Chemotaxis-movement along chemical gradient of chemoattractants towards site of injury
Activation- switch to higher metabolic level
Margination- rolling along endothelial surface
Diapedesis- crawl through endothelium
Recognition attachment- recognise bacterium and attach to it
Phagocytosis- engulf the bacterium
Oxygen dependent or independent killing
How do the clinical signs of acute inflammation relate to the tissue changes?
Rubor/calor- caused by increased blood flow to area
Dolor- prostaglandins and other chemical messengers cause pain to tell brain to protect that body part
Tumour- swelling caused by fluid exudate
How do the changes in acute inflammation help?
Increased delivery of nutrients, oxygen, cells, plasma proteins to site of injury
Dilution of toxins
Maintenance of temperature
Stimulation of immune response
Destruction and removal of dead or foreign material
Pain or loss of function enforcing rest
What are the local complications of acute inflammation?
Damage to normal tissue
Obstruction of tubes, compression of vital structures
Loss of fluid
Pain and loss of function
What are the systemic consequences of acute inflammation?
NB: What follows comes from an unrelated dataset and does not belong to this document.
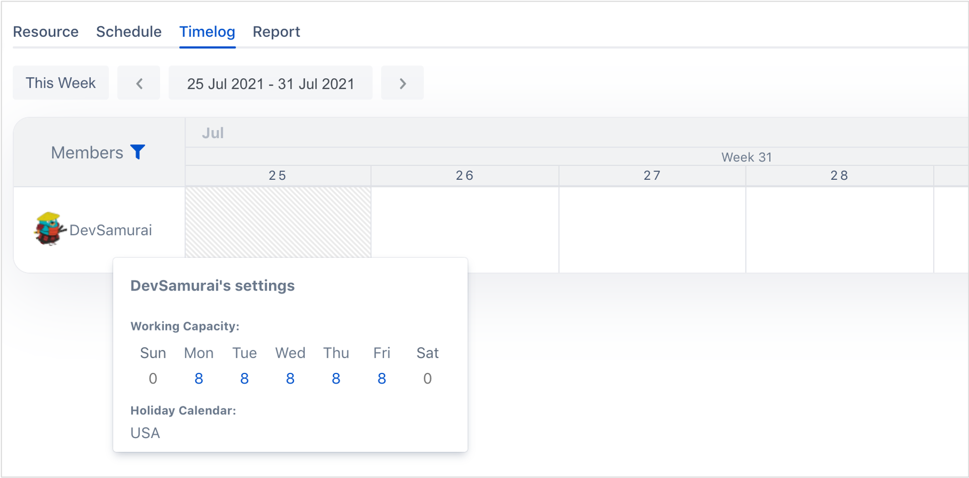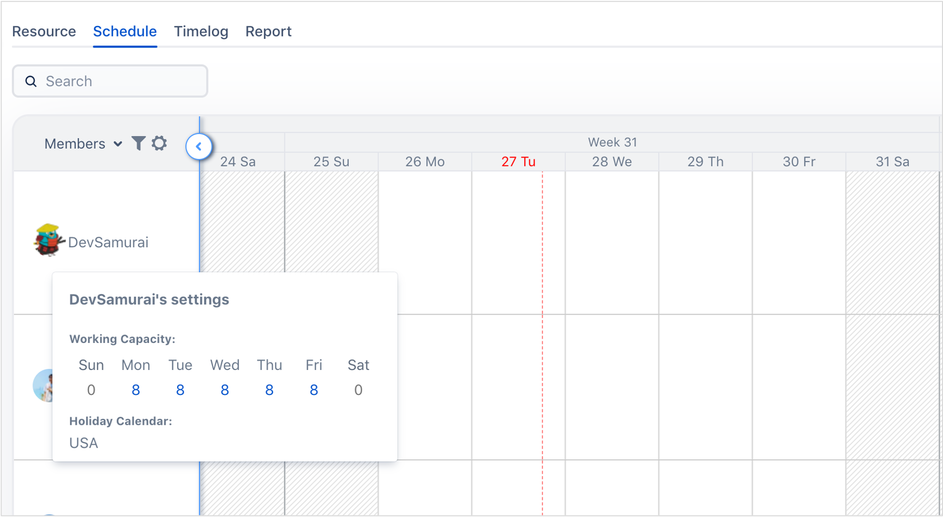 Show working capacity when clicking on member avatar in schedule board and Timelog.
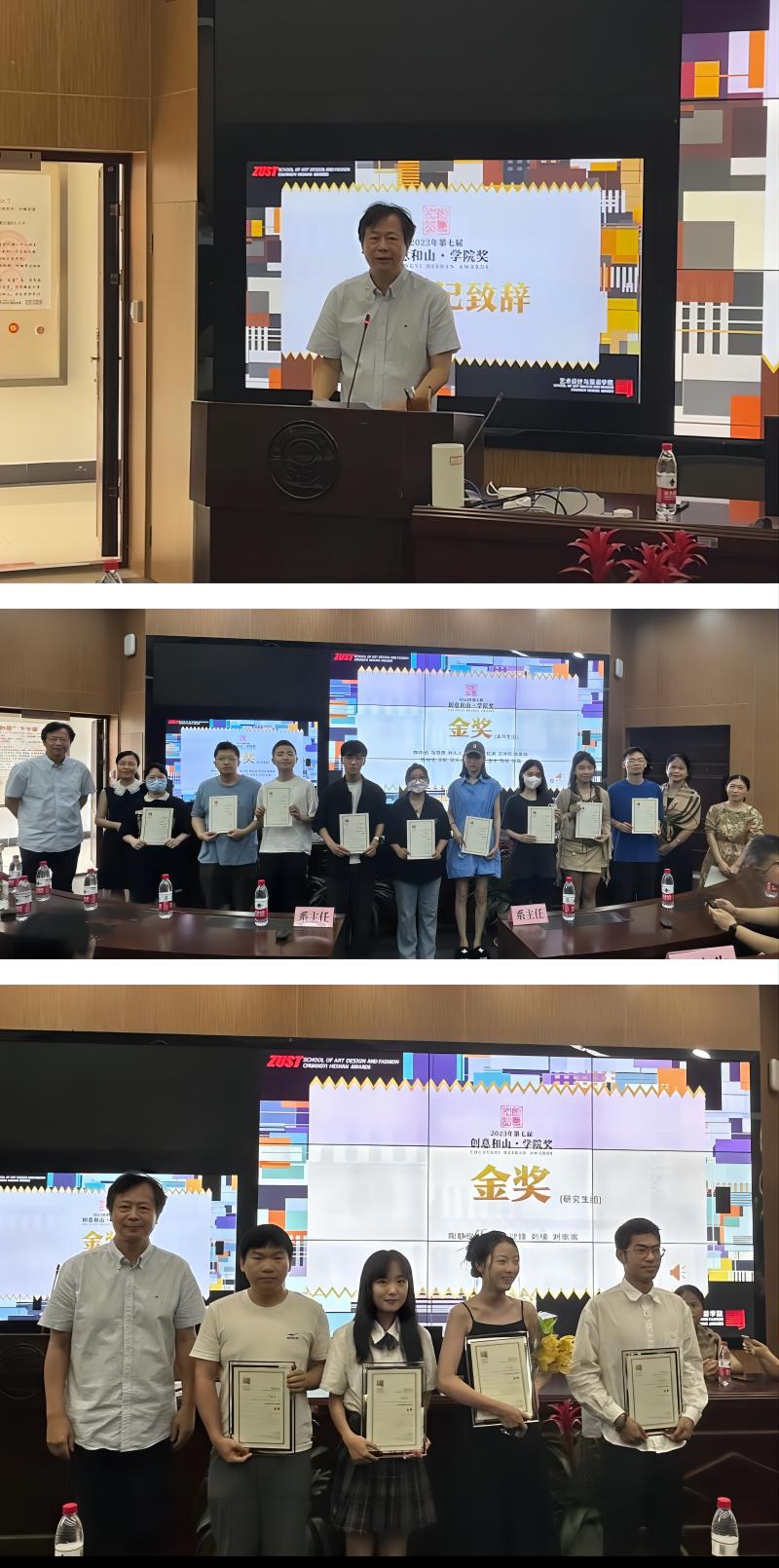 6月16日上午,艺术学院举行第七届创意和山·学院奖颁奖仪式,学院领导班子及各系室中心主任参与。詹俊书记发表致辞,激励学生以设计服务社会经济文化发展,未来取得更丰硕的成果。学院领导及专业负责人、系主任等为获奖本科生、研究生颁奖并合影。学院连续七年举办该项赛事,从各专业方向毕设中遴选优秀作品,颁发证书与奖金,体现了学院在双创育人、培养高水平设计创新人才方面的积极探索与努力,这项评比也在学院各年级学生中发挥了榜样力量。

Acute phase response- change in levels of plasma proteins as liver changes its pattern of protein synthesis. Eg albumin, fibrinogen, C3, alpha 1 antitrypsin, CRP. APR is stimulated by cytokine release from immune cells. This causes sleepiness and a lack of appetite.
How is acute inflammation resolved?
Short half lives of inflammatory mediators
Trigger is removed
Normal vascular permeability returns
Cessation of emigration of neutrophils
Exudate reabsorbed into venules or drained by lymphatics
Fibrin is degraded
Neutrophils undergo apoptosis
If regeneration cannot occur, a fibrous scar will form
What are the sequelae of acute inflammation?
Chronic inflammation and fibrous repair
What is hereditary angioedema?
Rare autosomal dominant condition- patients have a C1 esterase inhibitor deficiency. Patients have attacks of non itchy cutaneous angio-oedema. They also have recurrent abdo pain due to intestinal oedema.